Hausarzt und Psychopharmaka


Prof. Dr. med. Dipl.-Psych. Gerd Laux, Soyen

Psychopharmaka in der Hausarztpraxis

Patienten erkennen, verstehen und erfolgreich behandeln

Von Daniel Schüpbach und Otto Dietmaier. Wissenschaftliche Verlagsgesellschaft Stuttgart, 2021. XX, 284 Seiten, 18 Farbabbildungen, 78 farbige Tabellen. Auch als E-Book erhältlich. Kartoniert 34,80 Euro. ISBN 978-3-8047-3946-8. E-Book 34,80 Euro. ISBN 978-3-8047-4221-5.

Psychopharmaka gehören zu den meist verordneten Arzneimitteln, Hausärzte sind zumeist die erste Anlaufstelle von Patienten mit psychischen Beschwerden und Symptomen, sodass es nicht überrascht, dass Hausärzte und hausärztlich tätige Internisten in Deutschland mehr Psychopharmaka verordnen als die Psychiater/Nervenärzte. Verdienstvolles Anliegen dieses Buches ist deshalb, Wissen und Kompetenz der Hausärzte hinsichtlich Psychopharmakologie und Psychopharmakotherapie zu verbessern. Auf 277 Seiten werden vier Schwerpunktkrankheiten abgehandelt: affektive Störungen, Schizophrenien, Angststörungen und Schlafstörungen. Gegliedert in 13 Kapitel werden Epidemiologie, Ätiologie, Diagnose, sodann Allgemeines zur Therapie und dann die entsprechende Substanzklasse – Antidepressiva, Stimmungsstabilisierer, Antipsychotika, Tranquilizer und Hypnotika – dargestellt.

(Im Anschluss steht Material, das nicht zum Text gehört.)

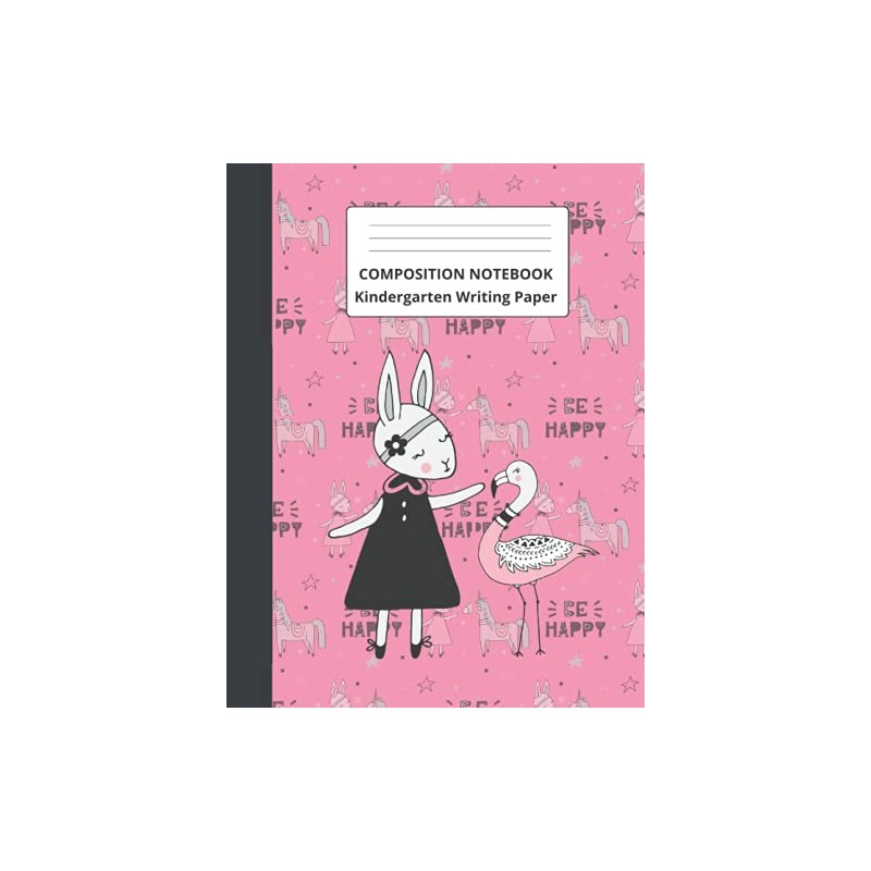 Composition Notebook Kindergarten writing paper: Unicorn pink cute cover Trace the letters and practice handwriting with dotted midline line for Pre-K through to third grade when they progress to wide ruled line and cursive. (7.44 x 9.69)

Im allgemeinen Teil werden zu den vier Krankheiten Symptome und Behandlungsziele, Verläufe, Komorbiditäten, psychosoziale Aspekte und die Sicht von Patienten und Angehörigen, illustriert durch Fallschilderungen beschrieben. Zur Therapie werden allgemeine Gesichtspunkte, dann die Therapiephasen Notfall, Akuttherapie, Erhaltungstherapie, aber auch Kombinationstherapien gut verständlich abgehandelt. Auch die wichtigen Kapitel Therapieumstellung, Kontrolluntersuchungen und Adhärenz finden sich abgerundet durch Behandlungsleitlinien und Tipps und Empfehlungen zur Therapie in der Hausarztpraxis. Zu Komorbiditäten werden genaue Zahlenangaben gemacht, hier wären Circa-Angaben adäquater. Die Darstellung der Substanzklassen gliedert sich sinnvollerweise in Definition, Einteilung, Pharmakologie, Indikationen, Nebenwirkungen und Kontraindikationen, Interaktionen und den klinisch-praktisch wichtigen Bereich Schwangerschaft und Stillzeit.

Eine gute Idee stellen kompakte Faktenblätter zu psychiatrischen Notfällen/klinischen Fragestellungen dar. Die 13 Themen umfassen unter anderem Vorgehen bei akuter Suizidalität und Management von Lithium. Einige Themen scheinen wegen ihrer Seltenheit oder Auftreten nur in der stationären Akutversorgung nicht für die Hausarztpraxis relevant (malignes neuroleptisches Syndrom, Delir-Therapie, Erregungszustand bei Manie).

Im Anhang findet sich eine kompakte Substanz-Übersichtstabelle von 94 Psychopharmaka. Hier stellt sich die Frage, inwieweit dies Hausarztpraxis-gerecht ist, sinnvollerweise sollte der Allgemeinarzt mit etwa fünf bis sechs Psychopharmaka Erfahrung sammeln und diese verordnen.

Literatur findet sich praktischerweise teilweise am Ende der jeweiligen Kapitel, aber nicht durchgängig. Die umfangreiche Literatur zu Kapitel 4 gehört zum Beispiel teilweise zu Kapitel 1 bzw. 2. Die wiedergegebenen Abbildungen bedürfen zum Teil einer Quellenangabe, die Abbildung zur Höhenangst scheint klinisch wenig passend.

Das vorgelegte Buch ist wichtig und verdienstvoll. Hinsichtlich des Umfangs bleibt der schwierige Spagat zwischen einem „kompakten, einfachen Kochbuch“ und einem anspruchsvolleren, fundierten Werk zum Nachschlagen. In der Hausarztpraxis sind „psychosomatische Störungen“, „Anpassungsstörungen“ sowie „Schmerzsyndrome“ besonders häufig. Hier ist die häufig praktizierte Psychopharmakotherapie besonders schwierig. Demenzen und Alkoholabhängigkeit werden medikamentös unterversorgt. In einer sicherlich erfolgenden und wünschenswerten Neuauflage sollten diese Bereiche mit abgehandelt werden.